We see that the best performing model is the mixed model that benefits both from the metadata and the subjects. 53% could appear as a bad score. However, this classification problem is quite difficult. Indeed, there is a high number of possible destinations and subjects are very short and sometimes do not provide enough information to classify well. Furthermore, the fact that the model only outputs one destination is a strong constraint. A better use of the model would be, for example, to predict the five top destinations and the to calculate the average mean precision score at 5.

Experience with keeping only the questions asked to the 10% top ministries have shown a higher score (74%)

## Final model 
Above is the final model trained on the hole dataset. To generate the most probable destination amongst the top ten, the function predict_most_probable_top_ten_destination can be used.

In [None]:
x_train, tokenizer = get_embedded_subject(question_df)
y_train = preprocess_destinations(question_df)
model_final = generate_mixed_model(tokenizer)
model_final = train([x_train,meta_vector], y_train, model_final)
#to generate prediction from new data : 
#predictions = predict_most_probable_top_ten_destination([x_predict,x_predict_meta], top_ministries, model_final)

Epoch 1/20
Epoch 2/20
Epoch 3/20
Epoch 4/20
Epoch 5/20
Epoch 6/20
Epoch 7/20
Epoch 8/20
Epoch 9/20
Epoch 10/20
Epoch 11/20


# Additional questions : 
4. It is difficult to list the drawbacks of my prototype since I don't see a real use case for the model. Indeed the only use case I see would be to provide a suggestion list in the destination section of a parliamentarian mailbox. In that case, oral question should surely be removed from the dataset. Furthermore, I cannot see any reason to predict destination only in the top 10%.
On the algorithmic point of view, the model is not perfectly optimized. Hyperparameter optimisation should be run and other model should be compared as well. 

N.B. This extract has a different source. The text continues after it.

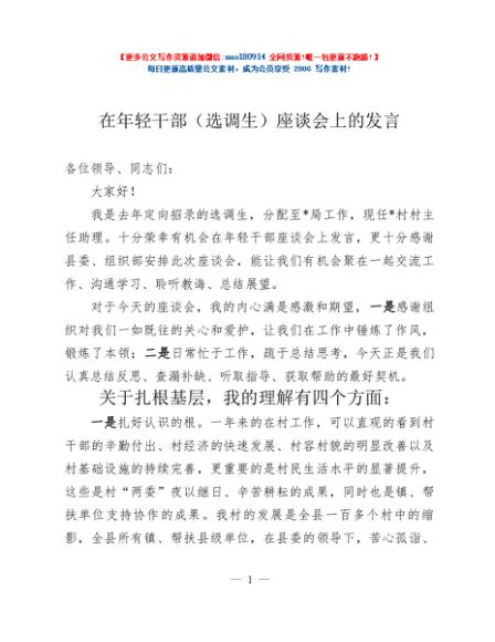 / 在年轻干部(选调生)座谈会上的发言

5. There is a lot of thinking lacking for the solution to become part of a production environment. Amongst them: a proper data acquisition and preprossing pipeline, allowing to fetch new data on a daily base, an online learning scheme allowing to retrain the model periodically with the new data acquired,...

6. If I think in term of the use case described above, there are some things to I would do to get better performance. First, I would delete all oral questions from the dataset (removing the attribute qp-type from the metadata in the same time). I would then retrain the model and allow him to predict a fixed number of destinations (to provide more than one suggestion to the user). I would find better hyperparameters combinations as well. In the context of a user mailbox, I would investigate some ways to use the historical data of the user to improve the prediction quality.

7. I took 6h to write the code and 1h to comment it.